In "The Report," Adam Driver plays Senate staffer Dan Jones, who doggedly dedicates several years to investigate the CIA's enhanced detention and interrogation program after the Sept. 11 attacks. Jones uncovers that detainees were severely tortured — one killed — using waterboarding and other CIA interrogation techniques. The resulting 6,000-page torture report concluded that the program did not yield any significant intelligence breakthroughs. To date, despite years of litigation and advocacy by transparency and accountability organizations, only the executive summary has been released. More than 5,000 pages remain hidden from view, and those complicit in torture crimes have not been held accountable.

In "The Laundromat," Ellen Martin (Meryl Streep) gets the runaround after her husband dies in a tragic tour boat accident. She and the other victims of the accident never get the insurance payment they are entitled to because the company's liability coverage came from a shell company in the Caribbean being investigated by the FBI for fraud — a fact she uncovers while investigating the company's deceptive practices.

The fictional account follows the byzantine true story of the Panama Papers, the release of which uncovered a complex, massive tax evasion scheme. The 11 million documents a whistleblower provided to a German newspaper detailed the ways in which some of the wealthiest individuals in the world used offshore banks and shell companies to exploit the global financial system for personal gain.

The Netflix documentary "The Great Hack" explores how a London-based data company, Cambridge Analytica, scraped the personal information of millions of Facebook users and, unbeknownst to them, used the data to influence the 2016 U.S. presidential election, the United Kingdom's Brexit movement and other elections around the globe.
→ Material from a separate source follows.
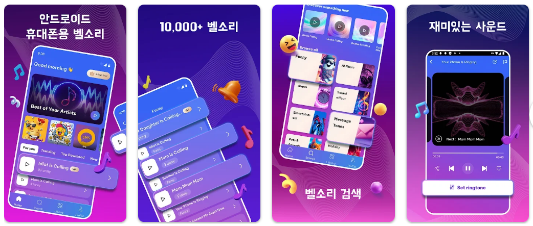 이러한 벨소리 설정 앱들은 방대한 라이브러리와 편리한 편집 기능을 제공합니다. 최신 가요부터 클래식, 독특한 알림음까지 선택의 폭이 매우 넓으며, 상황에 맞춰 기기 분위기를 즉각적으로 바꿀 수 있습니다.

The film's central figure, David Carroll, sued Cambridge Analytica demanding full disclosure of his data set profile (one of the millions the company created) and for details on how the company obtained it. The movie follows Carroll's attempt to reclaim his personal information by taking up the fight in Britain, where privacy laws are stronger than here. The movie also features interviews with Christopher Wylie, a former Cambridge Analytica employee who blew the whistle on the company, exposing the way it harvested and then weaponized data to influence elections and grassroots movements.

The fallout from the scandal and the lawsuit pressured Facebook into taking more responsibility for how it shares user data with third-party entities and has prompted Congress to consider strengthening federal privacy laws.

These three movies underscore whistleblowing as a right, not a crime, and debunk the misconception that whistleblowers act out of self-interest. Instead, audiences can see how all the characters are motivated to expose and correct unethical and illegal activity.

But to do so effectively, whistleblowers need the protection of stronger, streamlined whistleblower protection laws and a cross-section of experts in their corner — lawyers, freedom of information advocates, journalists and even members of Congress — to provide guidance on how to safely disclose wrongdoing.

The need for resources that encourage and protect whistleblowers is vital. As governments and corporations become less open, the role of whistleblowers as agents of accountability is increasingly important.

Hollywood's championing of whistleblowers as critical sources of information about wrongdoing and as pillars of an accountable and transparent society is a positive trend that must continue.